2007). The application of new water-based AFM techniques (Liu et al. 2011) could probe the native rearrangements that take place in the thylakoid. Such imaging techniques should be extremely valuable for assessing the changes in chlorophyll connectivity in the membrane. In addition, thermodynamic models will be useful for understanding the strength and directionality of energetic interactions between proteins required for causing changes in membrane organization (Drepper et al. 1993; Kirchhoff et al. 2004; Schneider and Geissler 2013). It will be important to use images and models of membrane rearrangements to interpret fluorescence lifetimes, #buy Trichostatin A randurls[1|1|,|CHEM1|]# a technique that is discussed in the
next section. Fluorescence lifetimes The chlorophyll fluorescence lifetime measures the relaxation of the chlorophyll excited state Alvocidib concentration and contains information about the energy transfer network of the grana membrane.

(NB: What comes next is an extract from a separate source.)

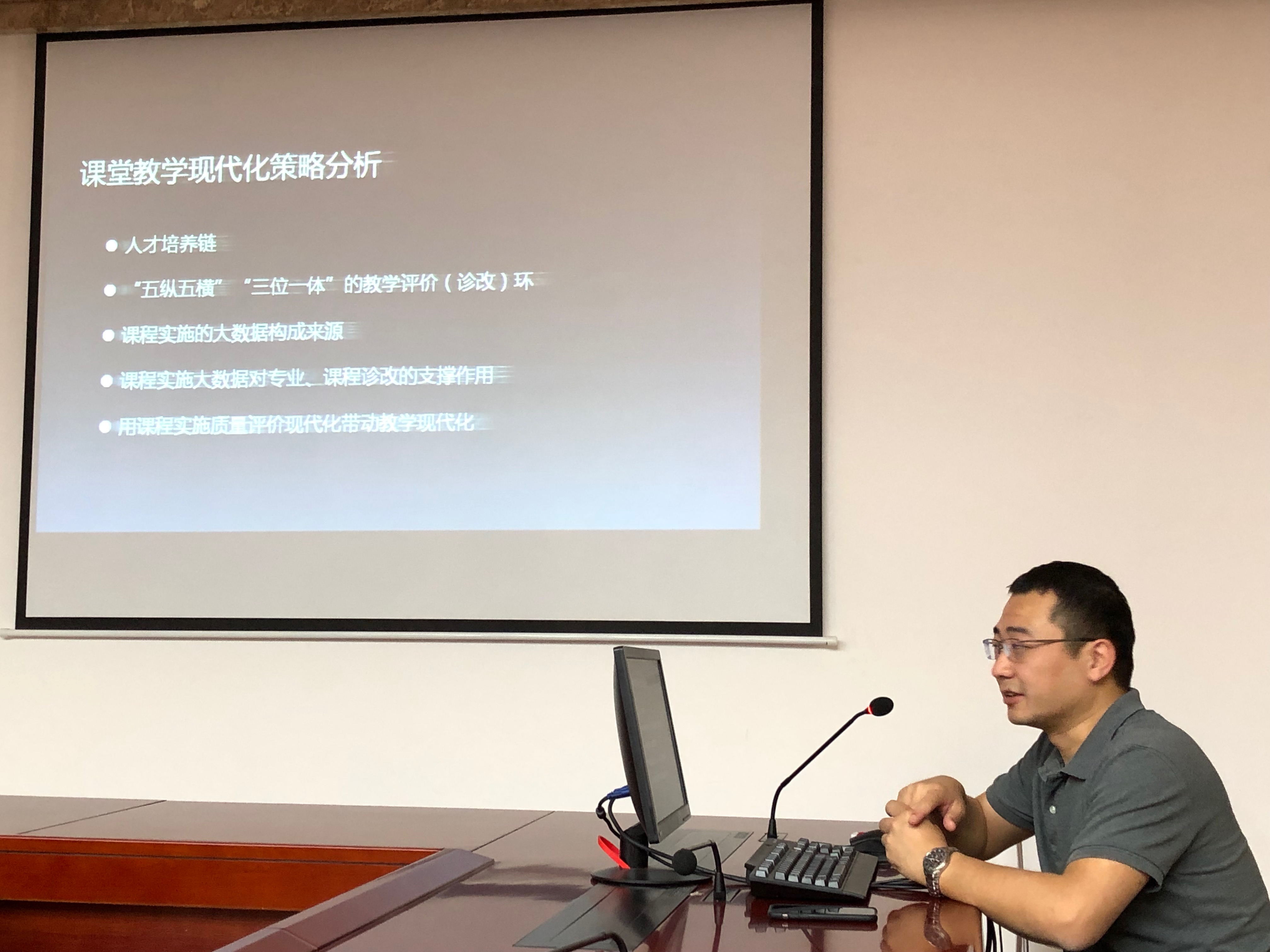 会上,袁总监对“智能云教学时代课程实施质量智能监测平台”做了详细介绍。他从人才培养链、“五纵五横”“三位一体”的教学评价(诊改)环、课程实施的大数据构成及来源、课程实施大数据对专业和课程诊改的支撑作用、等方面详细讲解。他还就学校教学诊改遇到的难点问题和待解决的问题和与会人员进行了交流和探讨。

The benefits of lifetime measurements can be seen in scenarios that give rise to the same fluorescence yield, but different fluorescence lifetimes. Figure 7a illustrates the difference between quenching (A1), in which the lifetime of the excited state is shortened, and bleaching (A2), in which the number of fluorophores decreases. Because the fluorescence yield, which is measured in the PAM experiment, is equal to the area under the fluorescence lifetime curve, PAM measurements cannot differentiate between bleaching and quenching. Figure 7b illustrates how two different energy transfer networks can be resolved by measuring fluorescence lifetimes, but not by
measuring fluorescence yields. Fig. 7 Scenarios that give rise to indistinguishable fluorescence yield measurements, but that can be distinguished by fluorescence lifetime measurements. a Illustration of fluorescence lifetimes of quenching (case A1, solid line), which reduces the fluorescence lifetime, and bleaching (case A2, dashed line), which reduces the overall fluorescence amplitude. These two situations could give the same fluorescence yields even thought they display different fluorescence lifetimes. selleck compound b Illustration of fluorescence lifetimes of moderate quenching of all fluorophores (case B1, solid line) and strong quenching of a small fraction of fluorophores (case B2, dashed line) which cannot be differentiated using fluorescence yield measurements The two decays in Fig. 7b correspond to two different energy transfer networks. For instance, the fast component of B2 could be due to chlorophylls that are very close to sites with high quenching rates and the slow component due to chlorophylls far from quenching sites. The excited state lifetime is affected by any properties that affect the energy transfer network, including the location of the quenchers with respect to the light harvesters, the connectivity between chlorophylls, and the rate of quenching at qE sites.